IT is a club rediscovering the benefits of transparency and making a concerted effort to rebuild damaged relationships with a fanbase and an entire community that had lost all faith in the future.

 

How Ally McCoist, now agonising over the most efficient way to install a water feature in the back garden rather than get the better of Alloa Athletic, must consider the example of his old adversary, Neil Lennon, and feel the slightest pang of envy.

Lennon did his own version of walking away last summer when deciding he could go no further in the manager's role at Celtic. It was a decision that eventually led him to a Bolton Wanderers side floundering at the bottom of the SkyBet Championship following a dreadful run under Dougie Freedman that had delivered just one win from 11 fixtures.

Results, alone, tell you part of the story that has unfolded since. Unbeaten in seven games with just two defeats in 14, the Lancashire club now sit 14th in the table with Lennon having set his sights on making the promotion play-offs.

It is going like a dream on the park. Off it, however, Lennon has placed himself at the centre of a very deliberate strategy to reconnect the club with its people by getting the players and the management team pressing the flesh on the streets.

John McGinlay, the former Scotland striker who became such a hero at the old Burnden Park, has already had Lennon and his assistants, Johan Mjallby and Garry Parker, in the pub he runs in the town of Horwich, northwest of the city centre.

He spent last night interviewing the engaging Northern Irishman for his weekly radio show on local station, Tower FM. It is all part of the PR drive and McGinlay admits it has been a breath of fresh air.

"Results will be the thing that guarantees his success and he has hit the ground running on that front, but Neil has done a big thing in going back to what Owen Coyle did during his time here and taking the club back into the community," he said.

"He is helping bring transparency to the club again. For a while, everything was being done behind closed doors.

"Neil has made a point of getting out and getting in amongst people. The players are also back out attending functions, going into schools.

"Owen was very big on this during his time at Bolton. It was a way of giving something back.

"People want to see the players. It is difficult in this day and age, but the more the current crop get out and meet people and realise what the club means to them, the more they will understand the responsibility that rests with them."
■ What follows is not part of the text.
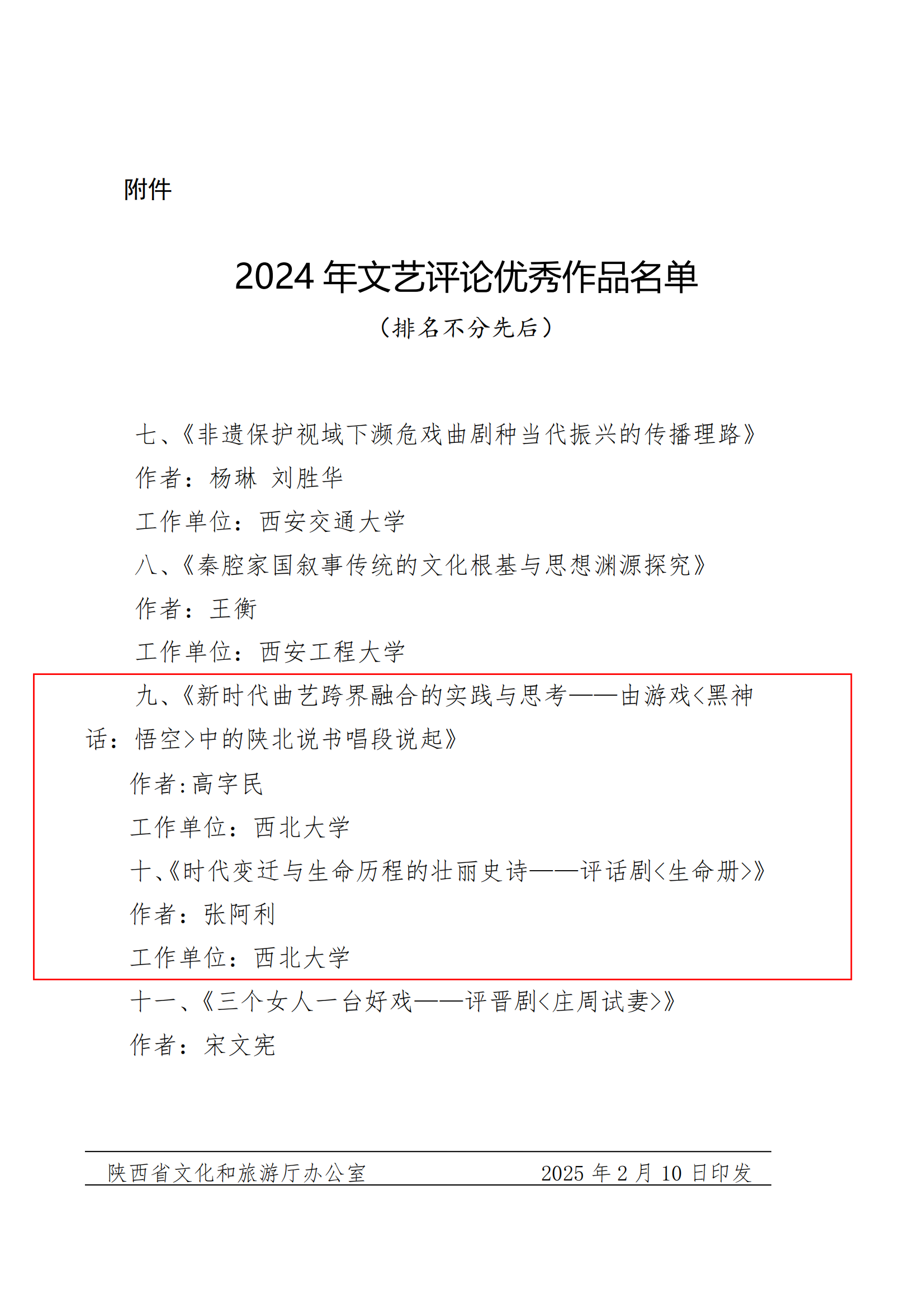 近日,陕西省文化和旅游厅公布了2024年文艺评论优秀作品名单。我院张阿利教授的《时代变迁与生命历程的壮丽史诗——评话剧<生命册>》和高字民副教授的《新时代曲艺跨界融合的实践与思考——由游戏<黑神话:悟空>说起》位列其中。

Lennon pays attention to the small things. He has changed the training regime to allow the players to spend Christmas Day with their families before training at night in preparation for a derby match with Blackburn Rovers on Boxing Day.
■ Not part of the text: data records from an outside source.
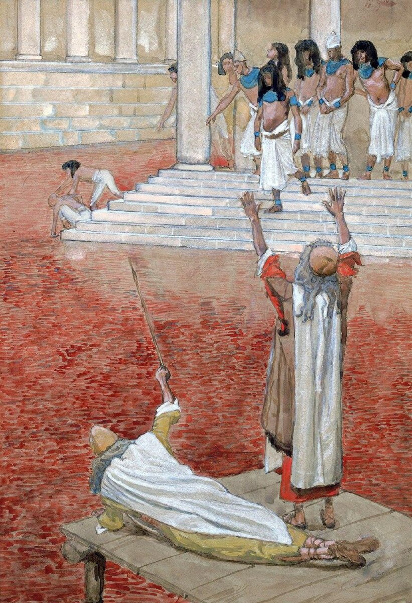 В одном священном произведении описываются десять египетских наказаний, какие наваливались на античную цивилизацию. Научным работникам посчастливилось отыскать научные разъяснения семи из них. Их причины обосновывались историческими фактами и нынешними изучениями. На остальные же три казни, свалившиеся на Древний Египет, эксперты пока что создают предположения. В одном священном произведении – «Пятикнижии», описываются расправы, какие постигли жильцов Древнего Египта. Предпосылкой для этого стало неготовность правителя спасти от рабских «цепей» и выпустить сыновей Израилевых. Во 2-ом томе «Пятикнижия» – книжка Исход, повествуется об том, как Моисей просит властелина Египта освободить его людей, в противном случае египтянам станет угрожать Божья расправа. Правитель категорически отказывался отпускать людей. Тогда Аарон приподнял трость. Он ударил нею по речной поверхности на глазах у властелина Египта. Вода в речке превратилась в кровь, а рыба исчезла. Таким образом, выглядела 1-ая к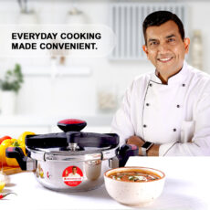 Easy Lock Stainless Steel 5L Outer Lid Pressure Cooker | Induction Compatible | Tri-Ply Bottom | 5 Year Warranty | Free Glass Lid | Silver
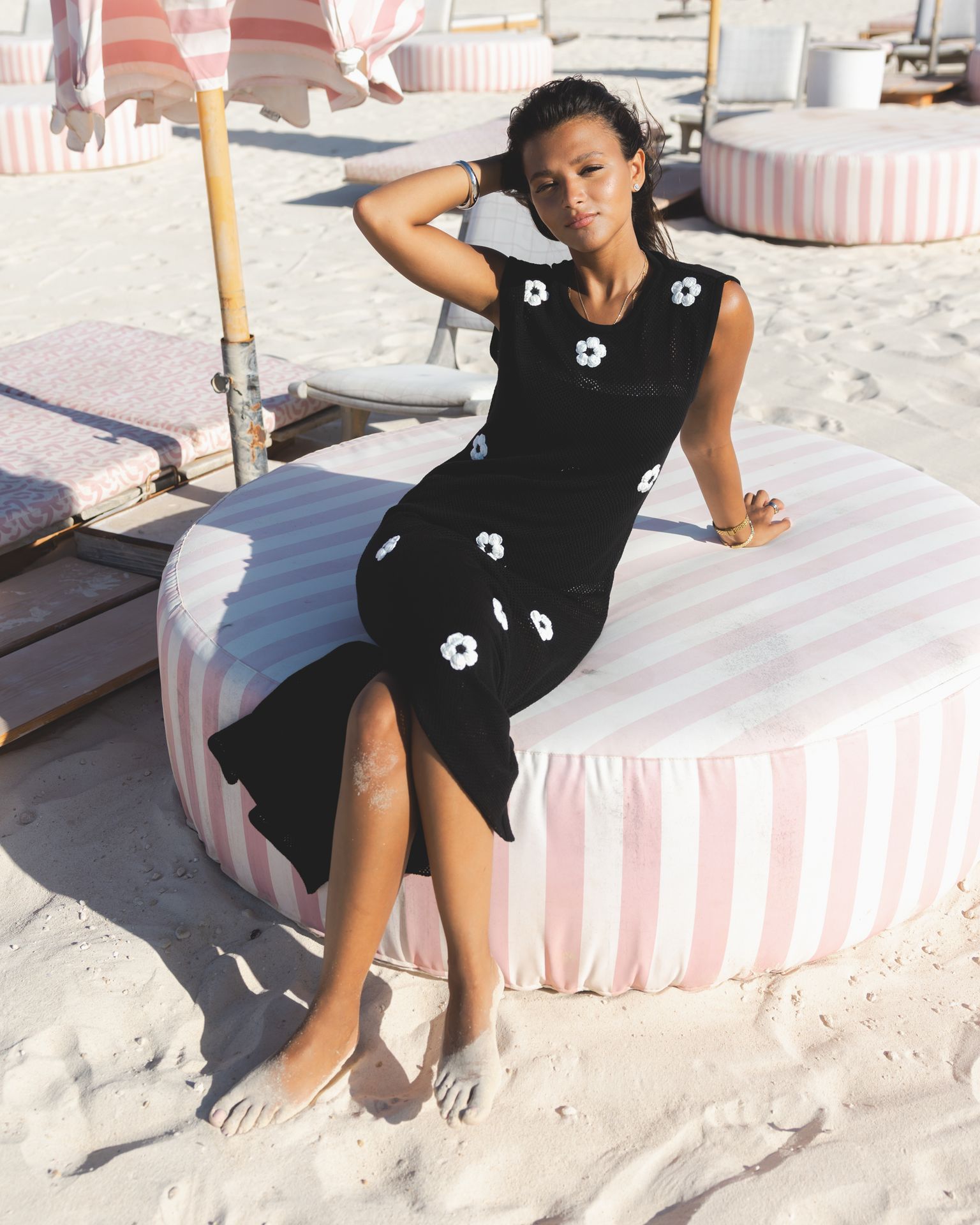 This breezy handmade open knit dress, adorned with playful floral appliqués, is perfect for layering over swimwear on a sunny day.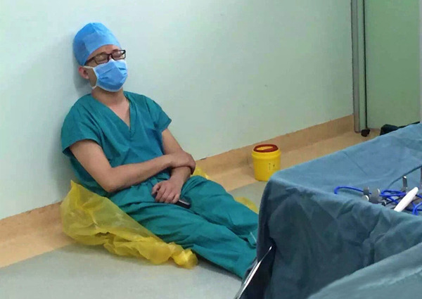 在幾臺(tái)手術(shù)的間隙,于鐵夫睡倒在手術(shù)室里(資料照片)。新華社發(fā)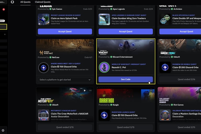 Quick Completion: All you need is 15 minutes in WoW with Discord running.

"There are smiles on people's faces all the way through from the kit man to the groundsman and the players," said the Bolton defender, David Wheater.

"It is back to the family feel we had when Owen Coyle was here.

"I've got nothing against Dougie. He had his own ways, but it's a lot better now.

"Training is brilliant. When someone isn't playing well, he (Lennon) will tell you and I think that's what this place has been missing a little bit."

In McGinlay's opinion, Lennon's footballing success has really centred around taking the shackles off his much-maligned players.

"We were set up not to lose games rather than to win them before Neil came in and the supporters were expecting we would lose," he said. "He has taken the handcuffs off."

McGinlay now expects "three or four" January recruits to come from the SPFL Premiership with Kris Commons of Celtic and David Templeton of Rangers already outed as targets.

"Given the wages and fees involved, it is a market Bolton could be shopping in," he remarked.

It seems more than three-and-a-half years since McCoist and Lennon were nose-to-nose on the touchline at Celtic Park, sparking Holyrood summits and an unworkable Offensive Behaviour at Football law.

The spice of a derby contest clearly still gets his juices flowing, though, with Friday's visit of Blackburn a definite springboard towards his ultimate ambition of taking his new club all the way to the Premier League.

"I'm not frightened of saying we're looking at the top six now," stated Lennon. "The local derby is perfect for a Boxing Day game and we are expecting a big crowd."